[Exercise] What you return must be exactly the lines from the beginning of the material through the line containing "שילוב מקצועי: מאמן", both included, and no pictures.

[Records for this exercise]
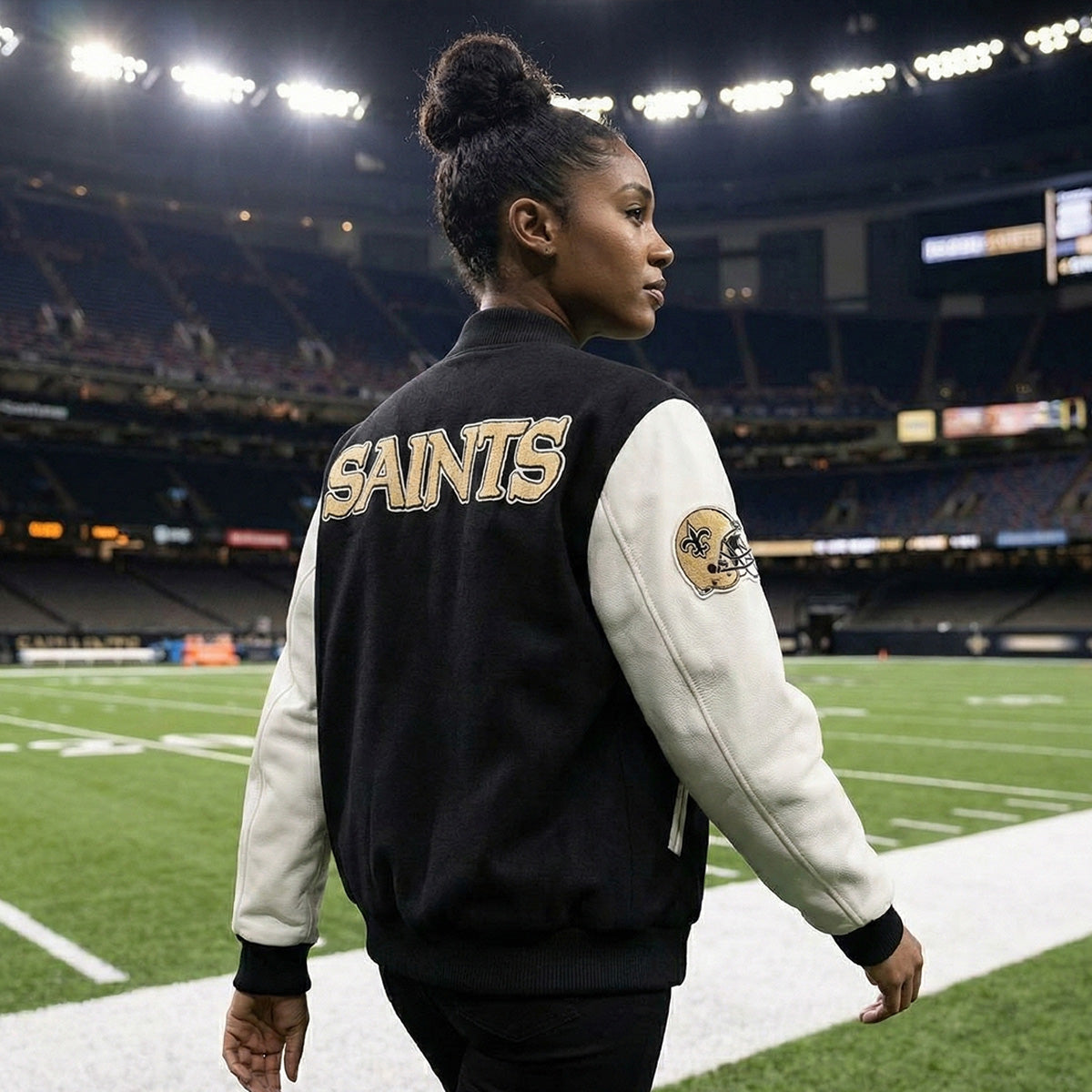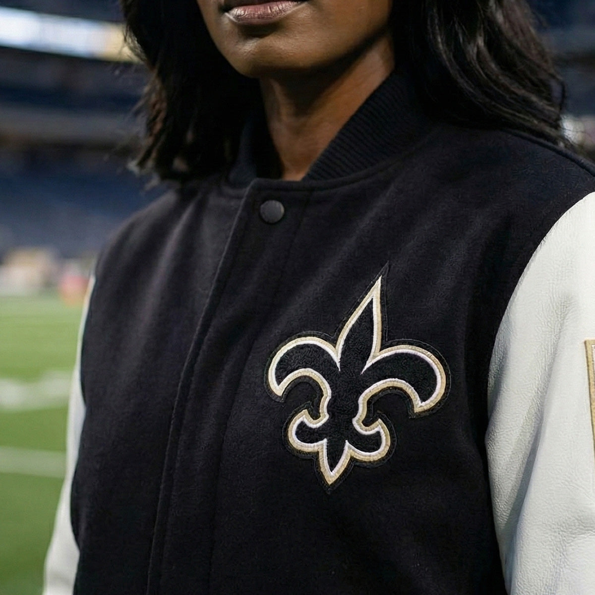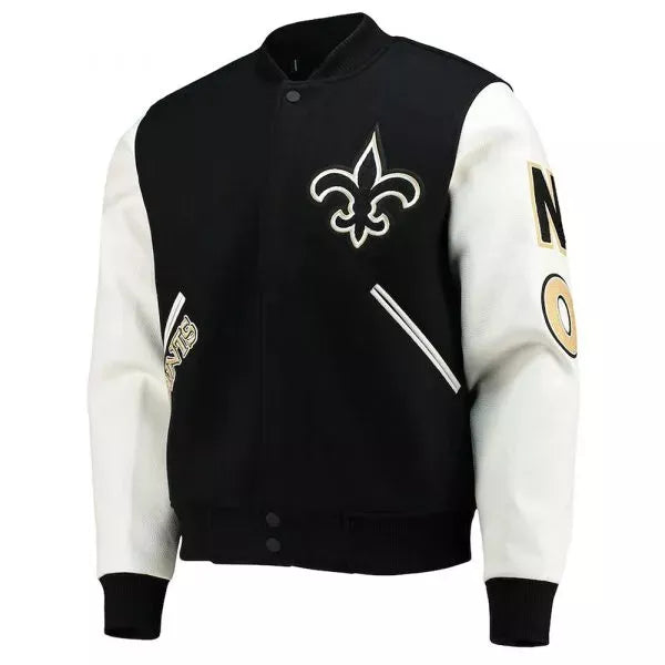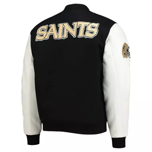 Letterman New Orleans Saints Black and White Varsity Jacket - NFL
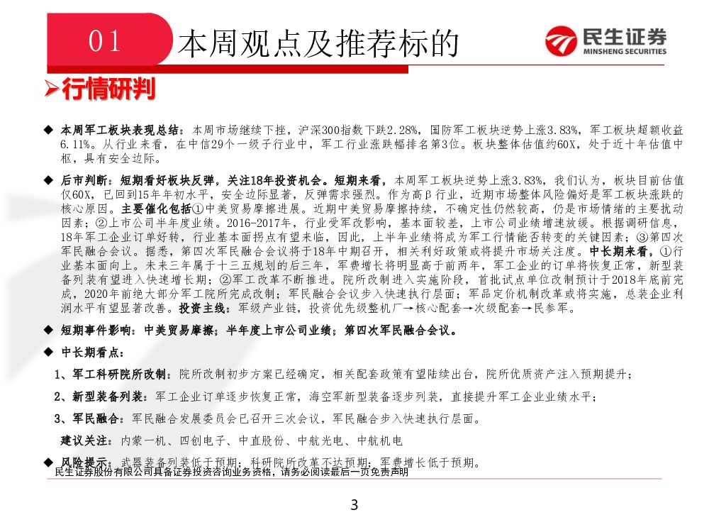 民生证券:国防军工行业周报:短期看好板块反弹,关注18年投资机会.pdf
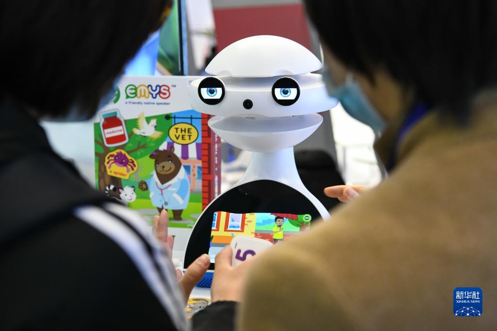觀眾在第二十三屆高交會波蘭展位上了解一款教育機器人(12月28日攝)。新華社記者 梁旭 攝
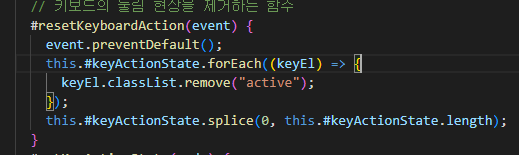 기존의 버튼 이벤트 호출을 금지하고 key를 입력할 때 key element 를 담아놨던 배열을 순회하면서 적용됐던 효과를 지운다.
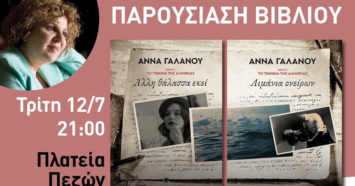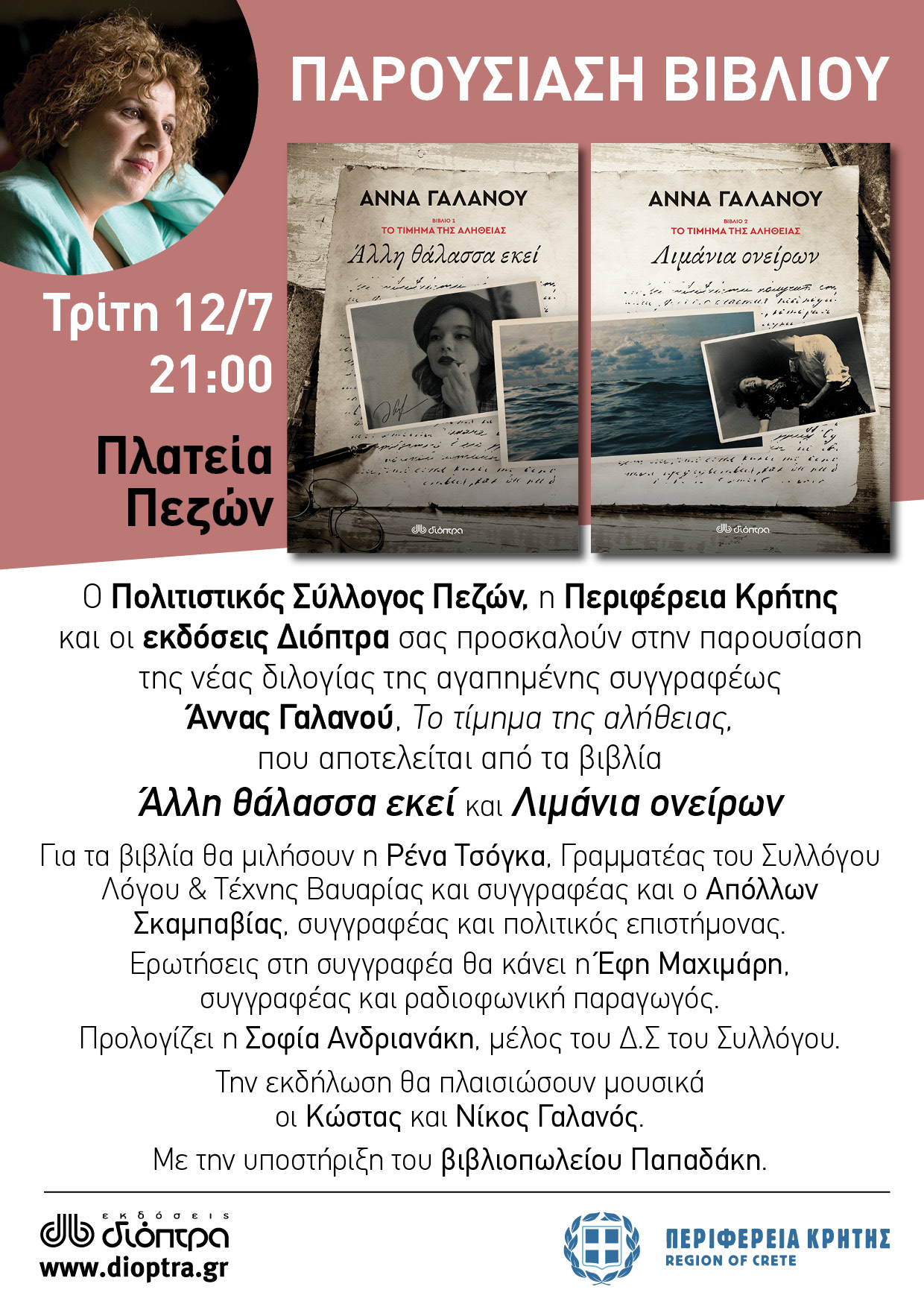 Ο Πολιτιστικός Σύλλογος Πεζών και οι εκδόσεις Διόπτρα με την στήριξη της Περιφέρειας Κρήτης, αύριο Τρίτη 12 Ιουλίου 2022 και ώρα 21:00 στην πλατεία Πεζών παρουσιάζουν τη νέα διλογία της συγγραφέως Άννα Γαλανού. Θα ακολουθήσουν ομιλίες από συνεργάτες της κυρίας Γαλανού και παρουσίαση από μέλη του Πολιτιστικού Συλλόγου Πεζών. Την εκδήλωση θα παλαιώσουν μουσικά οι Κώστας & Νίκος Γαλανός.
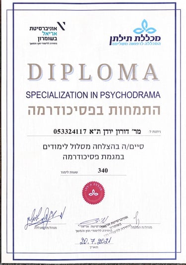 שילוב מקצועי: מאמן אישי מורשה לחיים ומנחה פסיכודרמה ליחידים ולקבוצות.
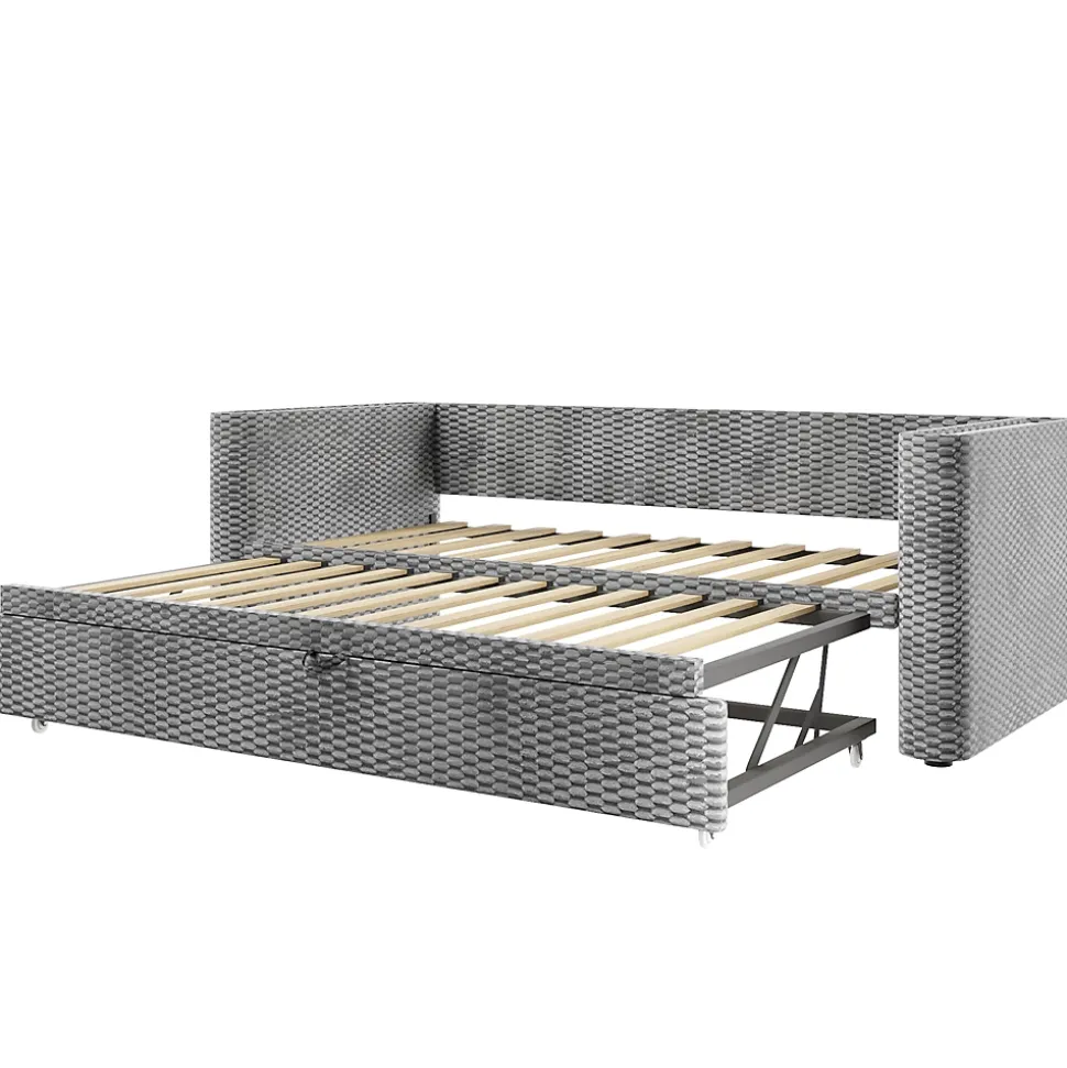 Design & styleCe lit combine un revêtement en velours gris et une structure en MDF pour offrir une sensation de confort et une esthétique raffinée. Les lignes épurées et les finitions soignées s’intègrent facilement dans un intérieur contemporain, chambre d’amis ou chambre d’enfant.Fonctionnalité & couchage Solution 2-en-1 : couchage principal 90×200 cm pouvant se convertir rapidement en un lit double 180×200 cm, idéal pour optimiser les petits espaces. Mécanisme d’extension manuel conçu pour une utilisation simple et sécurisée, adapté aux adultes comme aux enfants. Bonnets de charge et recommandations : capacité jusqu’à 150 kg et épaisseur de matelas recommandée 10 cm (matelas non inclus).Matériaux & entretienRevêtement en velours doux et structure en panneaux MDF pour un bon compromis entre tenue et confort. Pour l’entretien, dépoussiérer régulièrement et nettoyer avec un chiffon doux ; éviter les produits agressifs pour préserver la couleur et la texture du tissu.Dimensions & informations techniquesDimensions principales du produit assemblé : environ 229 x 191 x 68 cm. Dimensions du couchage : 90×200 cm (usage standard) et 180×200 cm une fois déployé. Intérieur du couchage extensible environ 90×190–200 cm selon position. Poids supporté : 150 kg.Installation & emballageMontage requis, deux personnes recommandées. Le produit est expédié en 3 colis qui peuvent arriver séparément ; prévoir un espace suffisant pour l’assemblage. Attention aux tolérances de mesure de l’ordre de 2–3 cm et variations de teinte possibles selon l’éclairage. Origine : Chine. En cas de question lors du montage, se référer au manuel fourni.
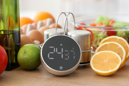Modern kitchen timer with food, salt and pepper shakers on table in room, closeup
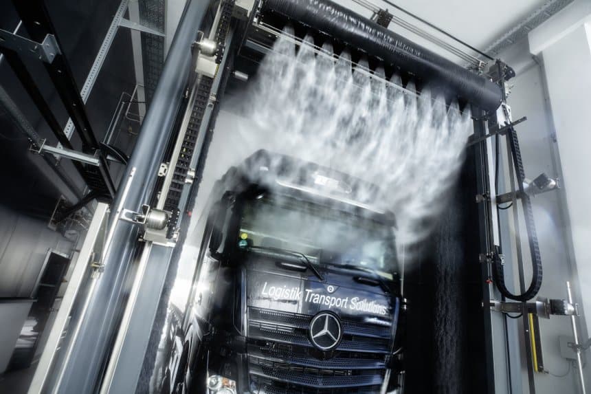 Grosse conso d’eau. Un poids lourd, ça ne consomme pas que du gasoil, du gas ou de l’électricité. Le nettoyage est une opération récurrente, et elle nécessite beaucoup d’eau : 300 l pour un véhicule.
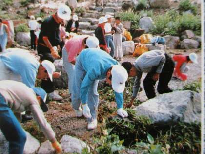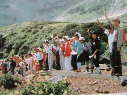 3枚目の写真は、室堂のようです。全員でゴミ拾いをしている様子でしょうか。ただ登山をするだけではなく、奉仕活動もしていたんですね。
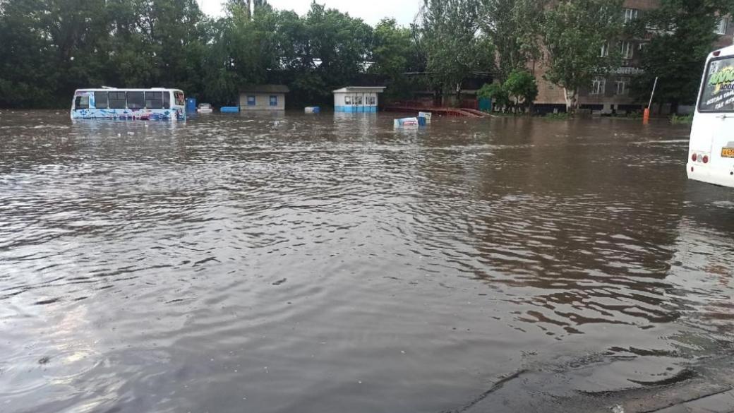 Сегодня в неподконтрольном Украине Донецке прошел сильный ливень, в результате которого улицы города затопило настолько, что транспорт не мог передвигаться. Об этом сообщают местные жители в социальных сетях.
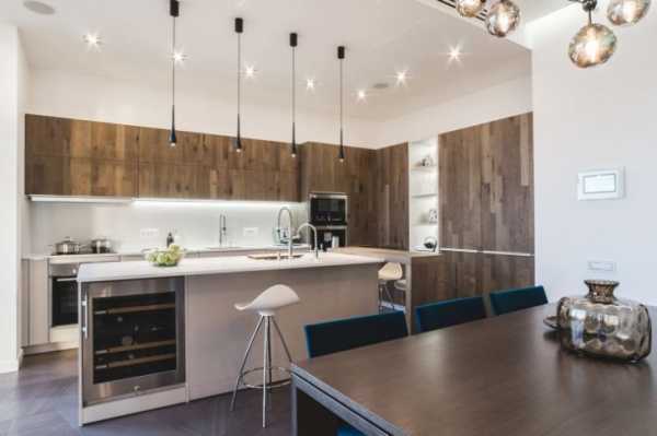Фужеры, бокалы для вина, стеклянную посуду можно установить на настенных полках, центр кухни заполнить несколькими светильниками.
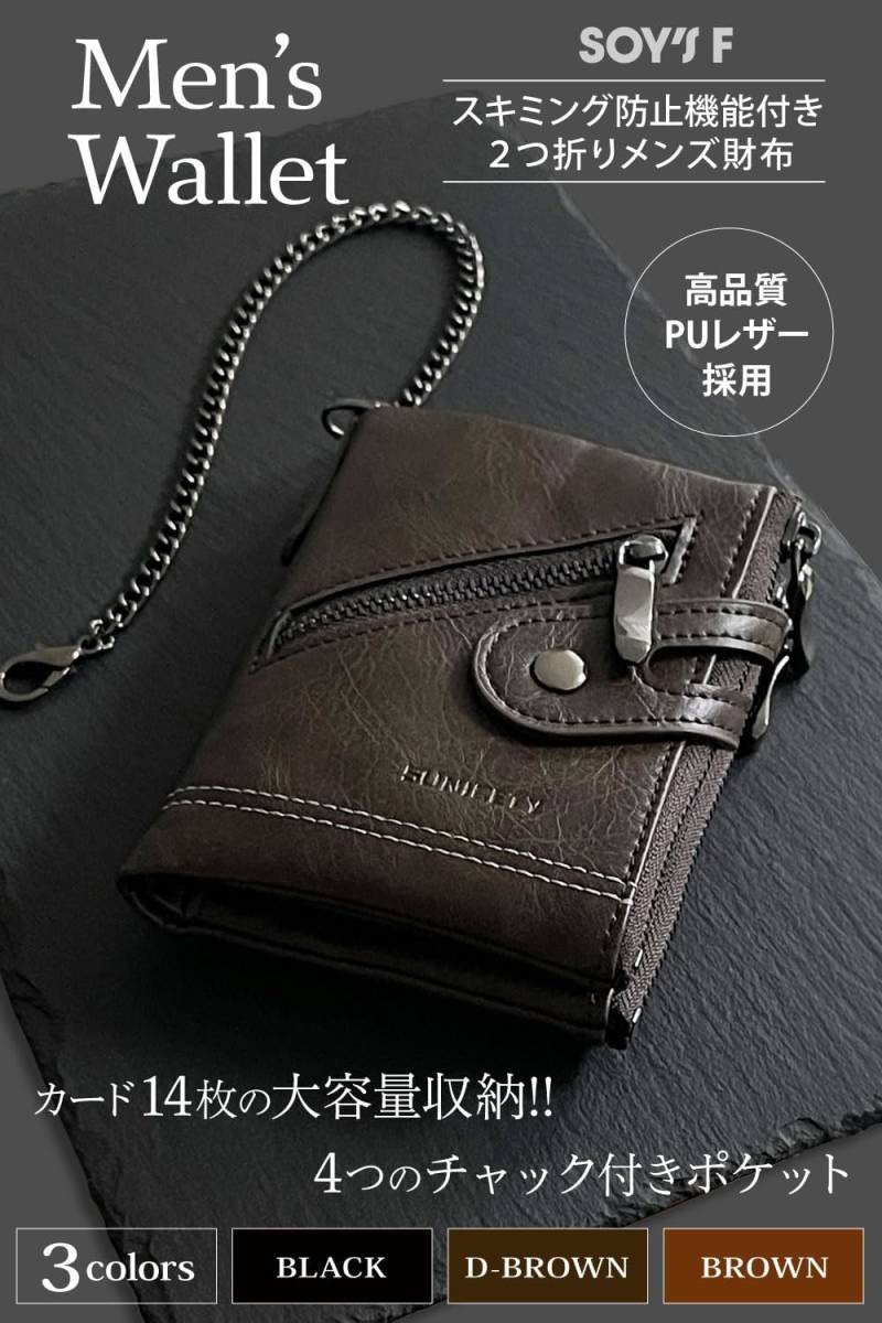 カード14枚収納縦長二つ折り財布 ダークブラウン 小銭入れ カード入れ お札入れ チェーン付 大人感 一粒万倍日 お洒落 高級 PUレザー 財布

[Written response]
 Letterman New Orleans Saints Black and White Varsity Jacket - NFL
 民生证券:国防军工行业周报:短期看好板块反弹,关注18年投资机会.pdf
觀眾在第二十三屆高交會波蘭展位上了解一款教育機器人(12月28日攝)。新華社記者 梁旭 攝
 기존의 버튼 이벤트 호출을 금지하고 key를 입력할 때 key element 를 담아놨던 배열을 순회하면서 적용됐던 효과를 지운다.
 Ο Πολιτιστικός Σύλλογος Πεζών και οι εκδόσεις Διόπτρα με την στήριξη της Περιφέρειας Κρήτης, αύριο Τρίτη 12 Ιουλίου 2022 και ώρα 21:00 στην πλατεία Πεζών παρουσιάζουν τη νέα διλογία της συγγραφέως Άννα Γαλανού. Θα ακολουθήσουν ομιλίες από συνεργάτες της κυρίας Γαλανού και παρουσίαση από μέλη του Πολιτιστικού Συλλόγου Πεζών. Την εκδήλωση θα παλαιώσουν μουσικά οι Κώστας & Νίκος Γαλανός.
 שילוב מקצועי: מאמן אישי מורשה לחיים ומנחה פסיכודרמה ליחידים ולקבוצות.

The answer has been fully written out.